:: Given information ::

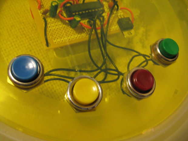 Inserte sus botones en el acrílico. Alambre de tierra junto a todos los botones y el otro cable a los pines correspondientes en el PCB.
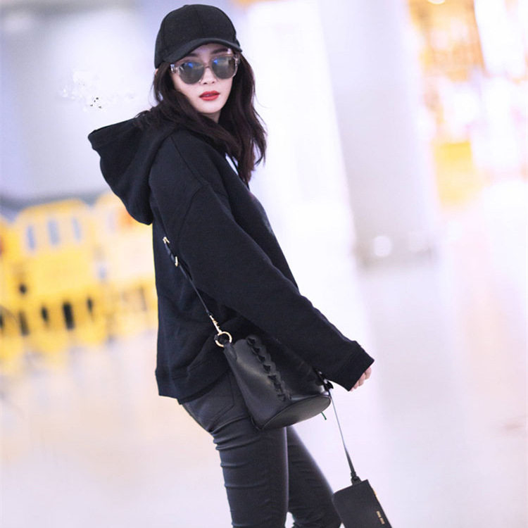 Special cabinet 2021 autumn and winter new Yang power Tongtong black thick cotton T female Han version loose with cap jacket head jacket tide
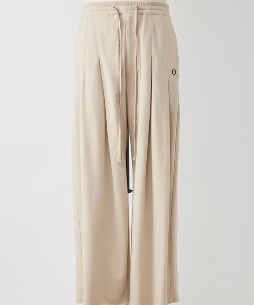 Ordinary LifeラインのBAGGY。 深い2タックを入れ、中縫いを長めに入れることによって腰回りをすっきりとさせながら大胆な太さを出しています。人間の生活に不可欠な'Eat, Sleep,Dress'(食う、寝る、着飾る)をポケットに刺繍しています。 刺繍の1km、0.2hは家から1kmくらいのスーパーにおおよそ10分くらい立ち寄る時に着る物、という意味を表しています。生地は従来のものより軽く薄く仕上げ、快適な着心地を実現した春夏仕様の裏毛を使用。 真夏でも涼しくご着用いただけます。
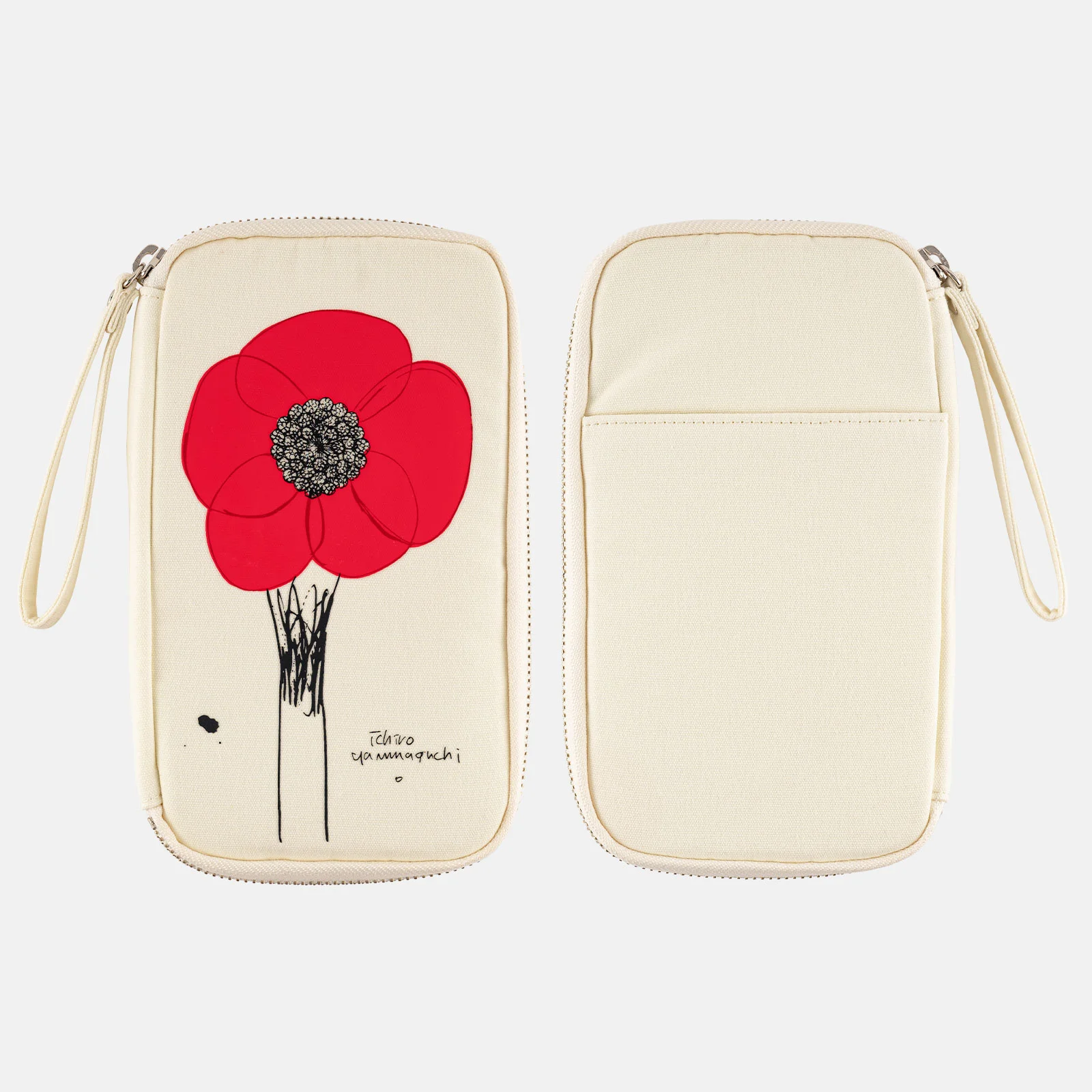Painter Ichiro Yamaguchi created this piece called “Hana/Aka,” which is based on the series of designs called “Hanataba” created for the Hobonichi Techo 2023 lineup. Each artwork was individually created for each cover size, and now Yamaguchi has painted more red flowers for the Drawer Pouch.
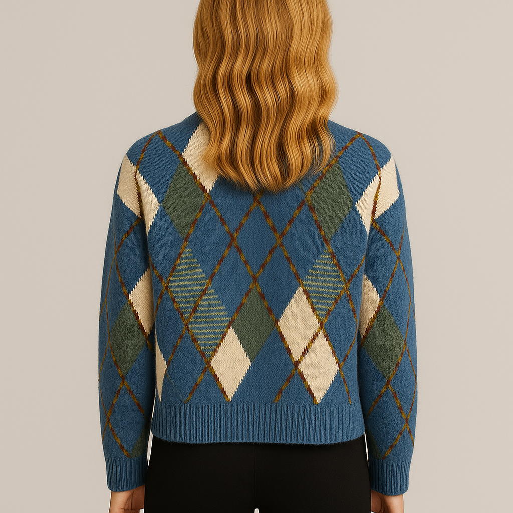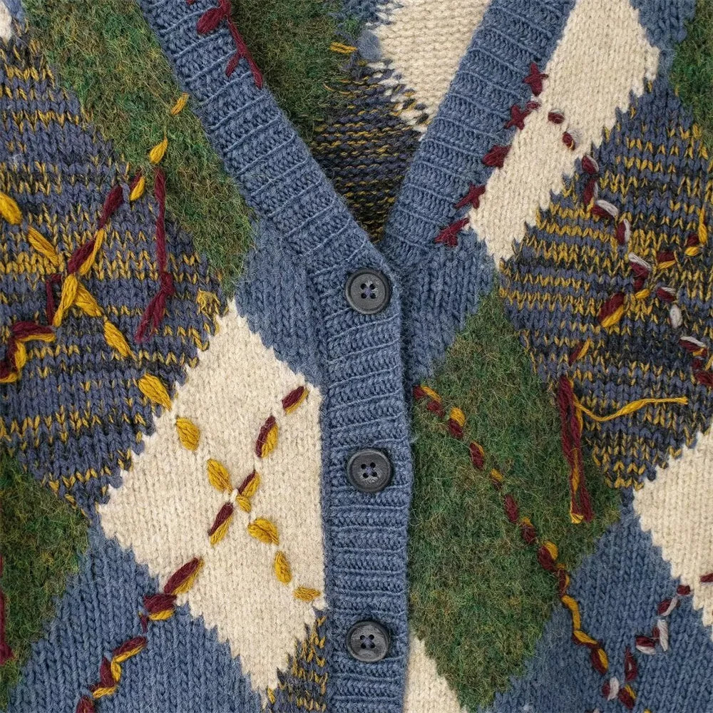 Women's Knitted Jacket - Long Sleeve V-Neck with Diamond Pattern

:::

Directions for this task: Every line of the data above should be returned exactly, with the pictures removed.

Answer area:
 Inserte sus botones en el acrílico. Alambre de tierra junto a todos los botones y el otro cable a los pines correspondientes en el PCB.
 Special cabinet 2021 autumn and winter new Yang power Tongtong black thick cotton T female Han version loose with cap jacket head jacket tide
 Ordinary LifeラインのBAGGY。 深い2タックを入れ、中縫いを長めに入れることによって腰回りをすっきりとさせながら大胆な太さを出しています。人間の生活に不可欠な'Eat, Sleep,Dress'(食う、寝る、着飾る)をポケットに刺繍しています。 刺繍の1km、0.2hは家から1kmくらいのスーパーにおおよそ10分くらい立ち寄る時に着る物、という意味を表しています。生地は従来のものより軽く薄く仕上げ、快適な着心地を実現した春夏仕様の裏毛を使用。 真夏でも涼しくご着用いただけます。
Painter Ichiro Yamaguchi created this piece called “Hana/Aka,” which is based on the series of designs called “Hanataba” created for the Hobonichi Techo 2023 lineup. Each artwork was individually created for each cover size, and now Yamaguchi has painted more red flowers for the Drawer Pouch.
 Women's Knitted Jacket - Long Sleeve V-Neck with Diamond Pattern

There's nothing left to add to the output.